Table 4. Fermentation media prioritized for a set of Saccharopolyspora strains. Not tested

Similar trends were observed by grouping the 250 strains in family subsets (Table 5). Statistically, only the Micromonosporaceae, Nocardiaceae, Pseudonocardiaceae and Streptomycetaceae families were represented sufficiently to make the results statistically relevant. None of the SF for each medium observed for these larger four families reached a 75% value, except FR-23 for Nocardiaceae (77.1%). The differences observed in frequency were statistically significant, according to the Chi-squared test. It was observed that, for each family, there were five media selected for more than 30% of the strains. MPG, GOT and FR23 were above that level for the statistically representative families. CLA was above 30% for the Micromonosporaceae, Streptomycetaceae and Nocardiaceae, whereas DNPM was selected for the Pseudonocardiaceae, Micromonosporaceae and Streptomycetaceae. KR was also preferred for the Streptomycetaceae and MH for the Pseudonocardiaceae.

Table 5. SF values of fermentation media, using all the strains screened, grouped by families. The number of strains tested for all media is indicated at the left, except for GPA and MH (where the number of strains is indicated in parentheses). The three or four best media selected for each family set are given in italics

These results support the common practice of diversifying the media in screening programs based on microbial natural products. The fact that five media presented SF values greater than 30% confirmed the necessity of individual prioritization for each microorganism when an extensive exploitation of the metabolic capabilities of the organisms is desired.
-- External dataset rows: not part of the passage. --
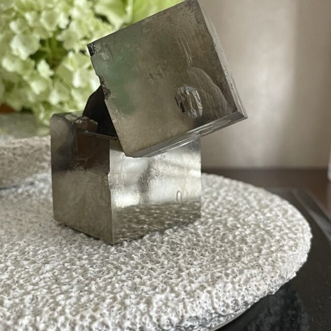 重く、大きめのサイズで存在感たっぷり。立方体に削られた見た目はまるでアート作品です。
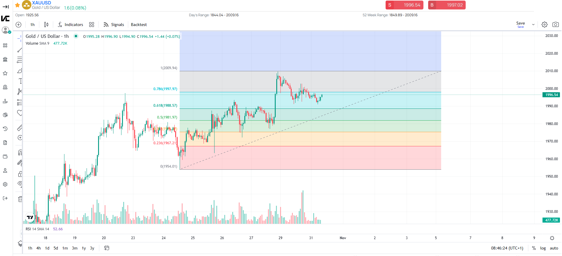 Based on the FIBONACCI RETRACEMENT strategy, a BUY signal was found at 1,995.33 on the 1-HOUR chart. Traders may monitor for BUY opportunities at this price level.
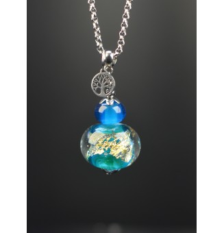 Collier long en perles artisanales en verre filé – Bleu-vert translucide & feuille d’argent
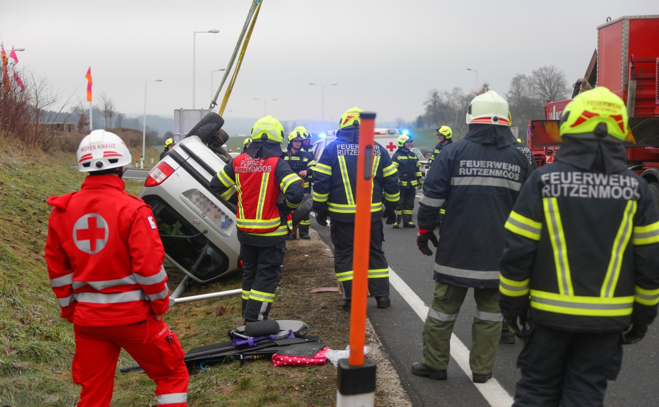 Autolenkerin bei Verkehrsunfall auf Salzkammergutstraße in Regau schwer verletzt
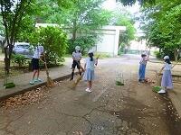 曇り空の月曜の朝です。美化委員会の児童が落ち葉を掃いています。体育委員会は,校庭で安全に遊べるように,低中高学年の遊び場所を分けるコーンを設置しています。3年生は花壇と鉢に水やりをしています。
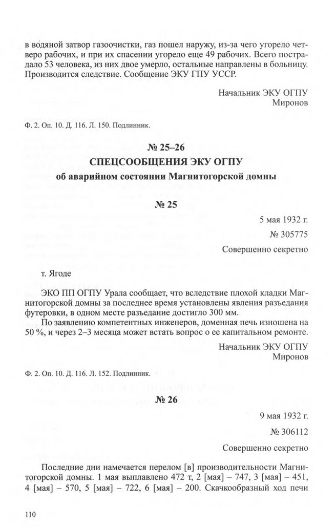 Спецсообщения ЭКУ ОГПУ об аварийном состоянии Магнитогорской домны. 5-9 мая 1932 г. 9 мая 1932 г.
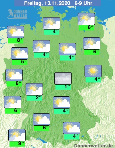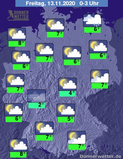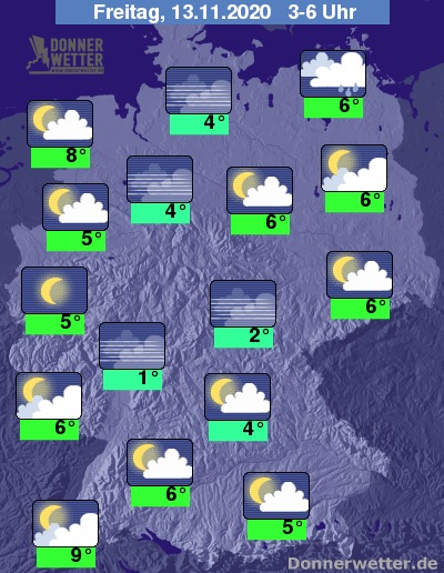 Bis zu den Frühstunden kühlt die Luft auf 8 bis 0 Grad ab. In den Mittelgebirgen sowie in Alpentälern kann es auch zu leichten Frösten oder Bodenfrösten kommen. Am mildesten bleibt es an der Emsmündung und im Markgräflerland.
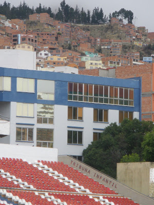 It was high up, but La Paz even veered higher again to my left, heading into hills of almost lego like blocks, similar to the ranchos in Caracas, of Venezuela fame. This stadium eclipsed everything in sight.
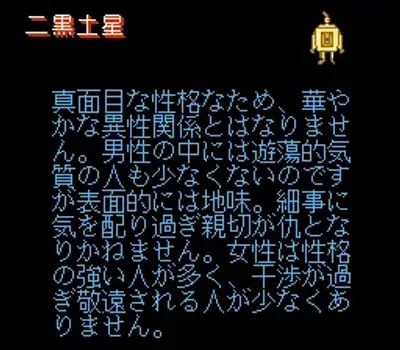 89电脑占星术(’89 Dennou Kyuusei Uranai)是红白机时代一款充满复古魅力的电子占卜游戏。只需输入姓名和生日,就能获得运势、健康、爱情等趣味预测,带你重温80年代的数字占星体验。
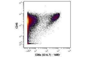 CD8, also known as Lyt-2, Ly-2, or T8, consists of disulfide-linked α and β chains that form the α(CD8a)/β(CD8b) heterodimer and α/α homodimer. CD8a is a 34 kD protein that belongs to the immunoglobulin family. The CD8 α/β heterodimer is expressed on the surface of most thymocytes and a subset of mature TCR α/β T cells. CD8 expression on mature T cells is non-overlapping with CD4. The CD8 α/α homodimer is expressed on a subset of γ/δ TCR-bearing T cells, NK cells, intestinal intraepithelial lymphocytes, and lymphoid dendritic cells. CD8 is an antigen co-receptor on T cells that interacts with MHC class I on antigen-presenting cells or epithelial cells. CD8 promotes T cell activation through its association with the TCR complex and protein tyrosine kinase lck.
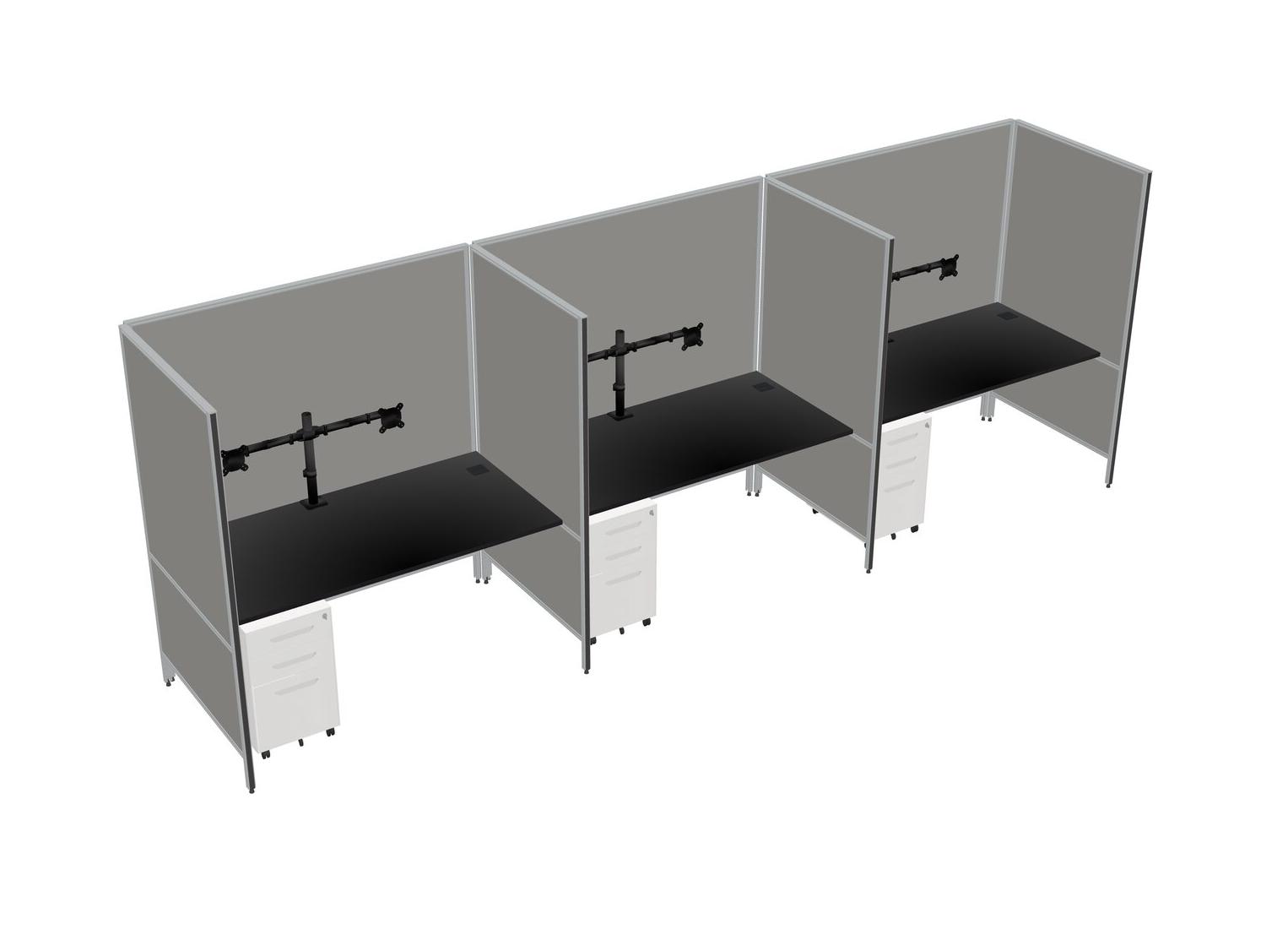 Système De Panneaux Flexibles Noirs Pour 3 Tiroirs Mobiles En Métal + Bras Pour écran (double Bras)
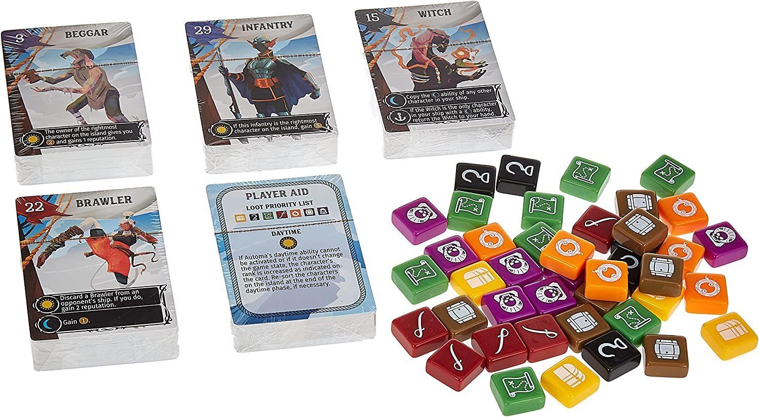 In the world of Galecrest, sky pirates set sail on the winds in search of adventure, treasure, and glory. As an admiral, you command a vast and varied crew … but so do your rivals sailing other ships in the pirate fleet. Each day the fleet lands on a different island where you’ll send a crew member to collect your share of the loot, hoping they’ll return to boost your growing group of characters.Libertalia was originally released in 2012. Ten years later, we’re celebrating the foundations of the original design with a heavily revised and expanded edition that includes all completely new art by Lamaro Smith, 40 characters per player, a reputation system to resolve tiebreakers, premium loot tokens, a robust solo mode, and much more.*The Dice Tower Seal of Approval is a trademark of The Dice Tower, LLC and is used with permission.*
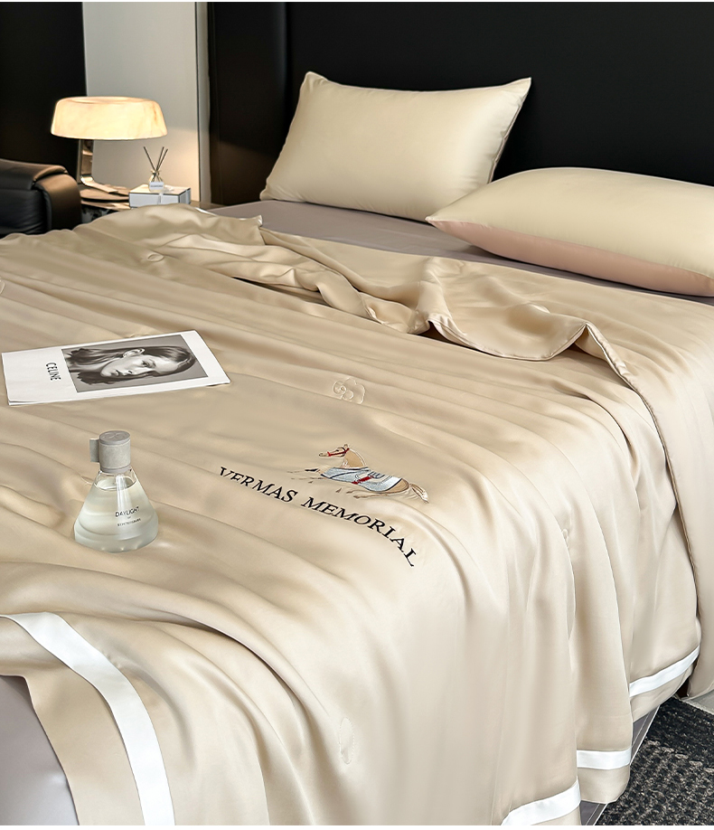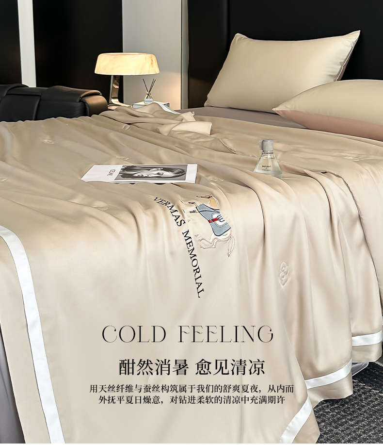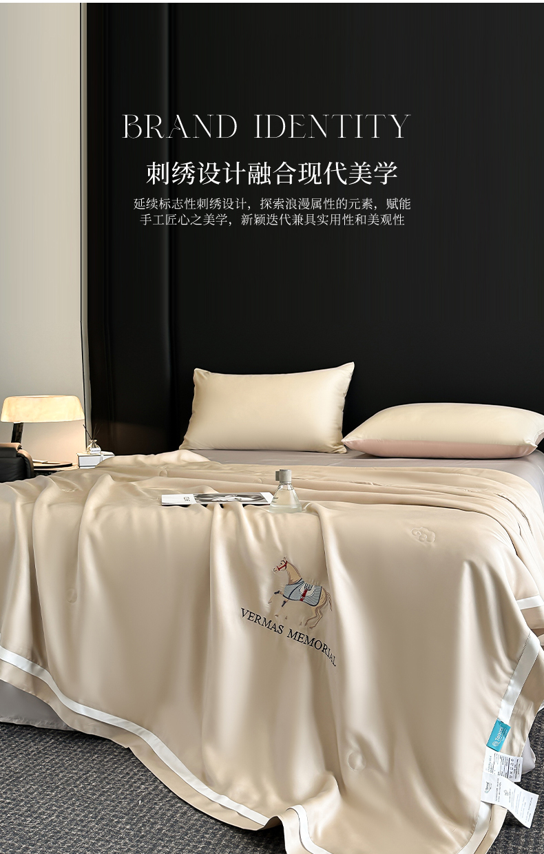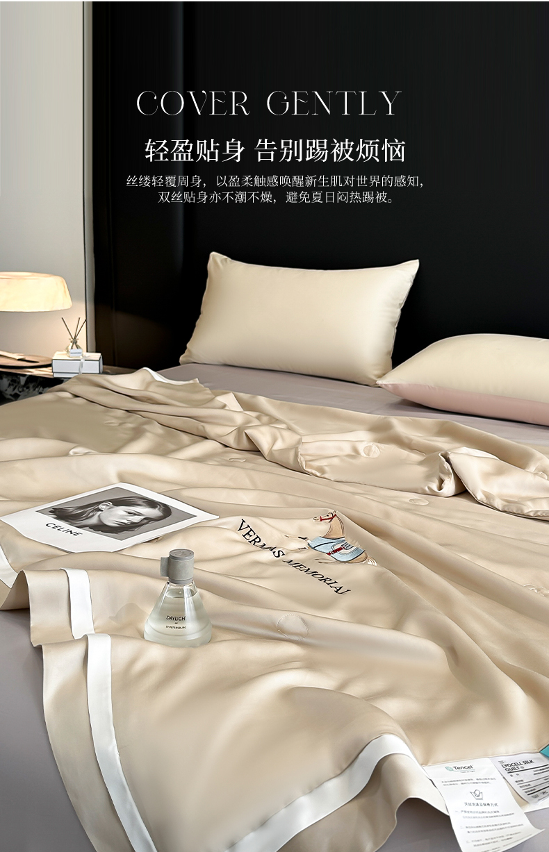 商品名称:薇玛仕 2026新款绣花80支兰精天丝可水洗蚕丝被100蚕丝填充夏凉被空调被 香槟咖
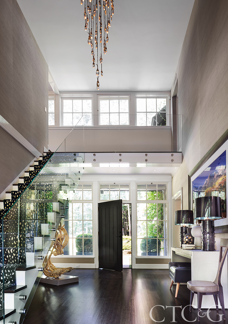 Handler replaced the traditional banister with glass to open up the home’s entry and added a Blue Antelope runner by Prestige Mills from Carpet Trends. Lamps from Juliska sit atop a concrete-top entry table alongside a lit sculpture from Cocoon, with a photo of Vail, Colorado, by John Richter above. Ochre’s Pebble chandelier draws the eye upward.
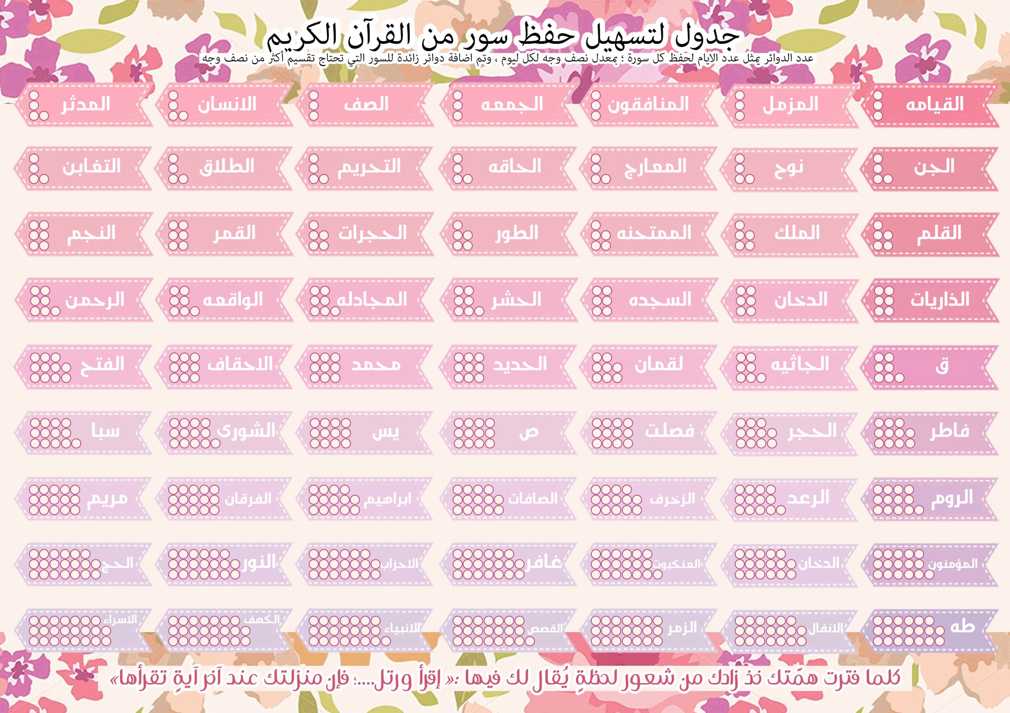جداول حفظ سور القرآن الكريم ساحة التسميع المنهجي أخوات طريق الإسلام
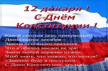 12 декабря - День основного закона России — праздник для каждого гражданина великой страны. Для каждого, кто уважает наше государство, его правовые основы само слово «Конституция» это не пустой звук. И в этот замечательный день стоит поздравить каждого, кто не чужд истории и культуре отечества, ведь Конституция — гарантия всех наших прав и свобод, всего, чего мы имеем.
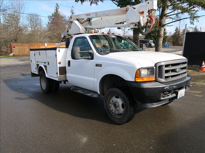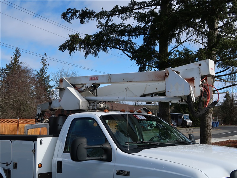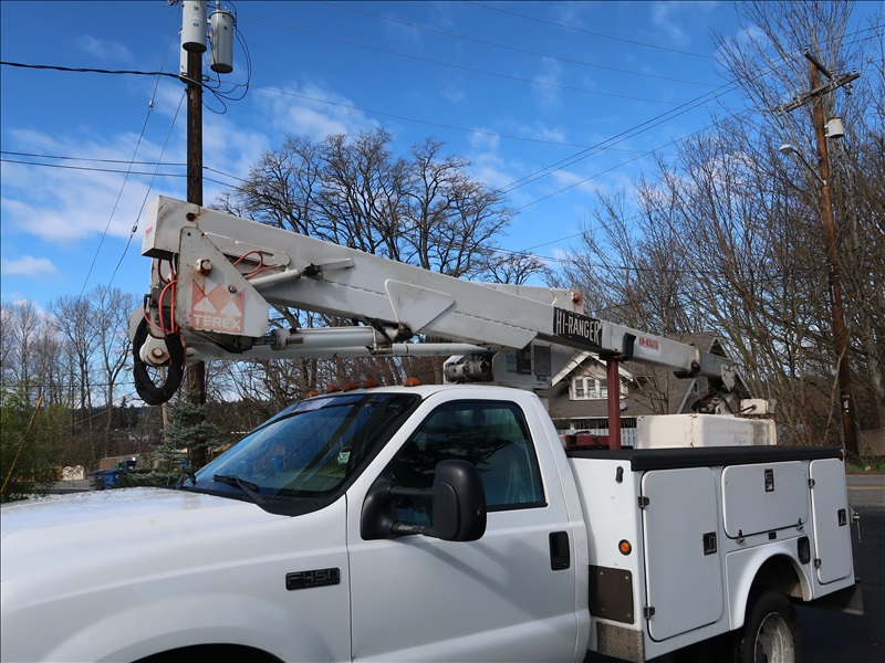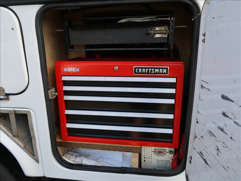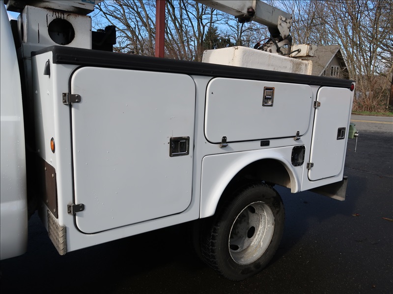 BUCKET TRUCK, DIESEL AUTO, TEREX TELELECT TL38P, HYDRAULIC, 300 LB CAP, 38' BUCKET, PURE SINE INVERTER, 6-DOOR FIBERGLASS S/B W/(2) CRAFTSMAN 5-DRAWER BOTTOM BOX, PTO
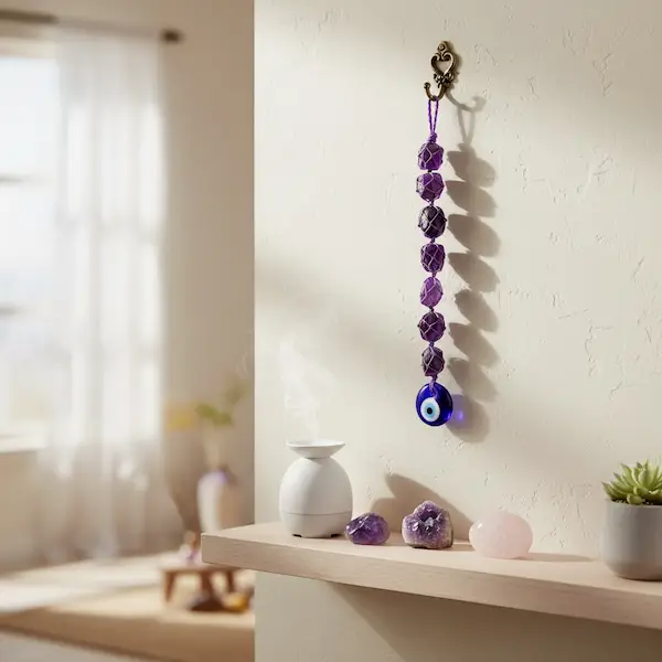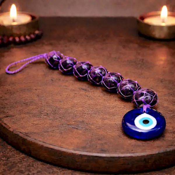 Det tyrkiske øje har i århundreder været brugt som beskyttelse mod misundelse, negativ energi og det onde øje. Sammen med ametystens rolige og høje vibration skaber det en kraftfuld kombination af beskyttelse og spirituel ro.
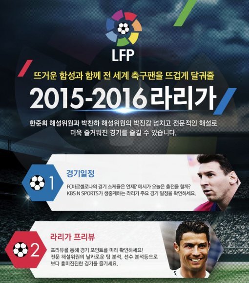 라리가는 38라운드 총 228경기를 국내 단독 생중계 될 예정이며 메시, 수아레스, 호날두, 네이마르 등 세계 최고의 프로축구 선수들이 활약하는 리그로 유럽축구연맹(UEFA) 리그 랭킹에서 압도적인 1위를 차지하고 있다
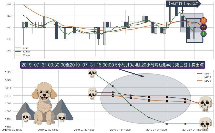 形态多维评估: ⚀ 2019-07-31 10:30:00-小时至2019-07-31 15:00:00-小时显现 5小时-10小时-20小时均线 【死亡谷】卖出点 看空信号,后市看跌,卖出

In conclusion, the approach described in this work could improve the quality of the extracts included in drug discovery screening by decreasing the number of redundant fermentation conditions selected for each isolate while maximizing the chemical diversity contributed by each microorganism. However, the value of this new strategy would need to be confirmed by long-term follow-up, measuring whether extracts selected by this method produced higher hit-rates or an increased chemical novelty relative to randomly prepared extracts [14].

It is relevant to note that the method does not discriminate between primary and secondary metabolites. However, it is commonly accepted that most of the natural secondary metabolites present 210 nm absorption and that many primary metabolites would be subtracted as components of the uninoculated complex media. Therefore, most of the diversity determined by the method would come from the secondary metabolites.

The method chemically fingerprints each extract and subsequently acts as a quality control procedure. For example, the extracts obtained from the large-scale fermentation were analyzed by HPLC and compared with the small-volume culture. A minimum of 95% of peaks with identical retention times were obtained when large-scale fermentations were compared with their corresponding small-scale fermentations for a small series of strains (data not shown). Likewise, regrowths (if needed) can be compared with the original.

Several efforts are currently under evaluation for their further implementation in the process, such as decreasing the fermentation volumes, automation of the sample preparation with the use of liquid-handlers and increasing the chemical parameters with the introduction of other chemical detectors.

The innovation of this analytical treatment of chemical data opens additional possibilities for using HPLC chemometrics in other areas, such as strain comparison, improvements in media and fermentation conditions and others.